# Live Steam toy Locomotive for a kid?



## phlegmatic (Jan 5, 2010)

So where can I find plans or kits for a simple Live Steam loco? Id like someting like what Mamod sells! The giftee is 4 yrs old and about to experince her first Live steam rail road, id like to give her a own loco on that day!


----------



## tmuir (Jan 5, 2010)

If you want to build one, just do a search for 'Cracker' live steam loco and you find free plans on the net for this.
A couple of people here have built one and have build threads on it.

I have a 5 year old who loves my live steam locos and knows they are hot and dangerous but I still can't let him run one yet as he still doesn't fully appreciate all the dangers with live steam, although he does love to watch me run them.

If you want a simple live steam loco quickly though I would suggest you watch the live steam section on ebay UK or Germany and pick up a cheap second hand one that may just needs a small amount of work to get running.
A second hand Mamod loco usually sells for around £100, but I have picked one up for £50 before.


----------



## bentprop (Jan 5, 2010)

I think a little bit of caution is warranted here.Far be it from me to discourage anyone's interest in steam,but steam can seriously ruin your day if not handled properly.
I would therefore most certainly not give such a loco to a 4 year old.
They simply have no concept of the danger involved,and even a very small boiler could cause some quite serious injury,if allowed to run dry,and possibly burst.
By all means make one,but operate it only with yourself or another experienced steamer in attendance.
I would hate to see a child's life ruined through their interest in a hobby.


----------



## shred (Jan 5, 2010)

Cracker's ok if used under supervision... well, I guess most of them are, but I'd be more than a little reluctant to have a 4 YO trying to fill the gas tank with butane, light the burner or refill the water for example.

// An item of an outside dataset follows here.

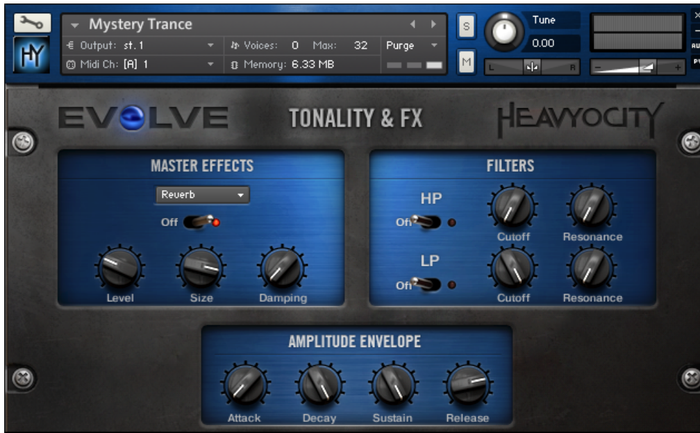
The Tonality and FX interface.

EVOLVE's percussive tour de force is balanced with a tripped out, mashed up array of music and sound design instruments and elements. They tend to stray from the more traditional "meat and potatoes" offerings that composers have well-covered in their library collections. In turn, EVOLVE fills these overlooked tonal nooks and crannies. From organic otherworldly soundscapes, to blistering synthetics and gnarled-out pads, the eclectic vibe of EVOLVE's tonality and sound design is sure to inject unique new mood and melody to your next project.

An Esbit-powered Mamod-type thing would be a lot safer.


----------



## Cedge (Jan 5, 2010)

Any toy steam engine company will never recommend one of their live steam units for any child under 12 years old.... and only then with full adult supervision. While all manufacturers strive to produce a product which is safe when used properly, any live steam product has the potential for injury or death if used improperly. Such companies, one and all, would cringe at the thought of placing a 4 year old in a position of freedom to play with their products even with intense adult supervision. 

I bit of common sense has to be applied. My 4 year old grandson was completely fascinated by my acetylene torch, but I'm not about to give him one for Christmas.... not even at age 10.

Steve 
Jensen Steam Engine Mfg. Co. Inc.


----------



## bearcar1 (Jan 5, 2010)

If I may make suggestion here. Why not make a 'model' of a steam locomotive out of fine hardwoods and present that to the 4yo in question. Then, *if* any interest at all is maintained by this child, when they are older, say 10-ish, a real steam model could be given. I made a complete 6 car circus train set out of Rock Maple from scratch with the idea of giving it to one of my nephews as an heirloom type of gift. I wound up keeping it and am glad that I did as he destroyed most anything that was given to him at that same age. An actual live steam engine *could* be given to a youngster of that age but it is rather doubtful it would be appreciated for what it was and even then given only as a display type item and not meant for track usage. (that would kind of defeat the purpose too don't you think?)


BC1
Jim


----------



## Tin Falcon (Jan 6, 2010)

Lms has a kit similar to the cracker. 
It is also similar to james senf Dickens






Again not wise to give a 4 year old. 
Tin


----------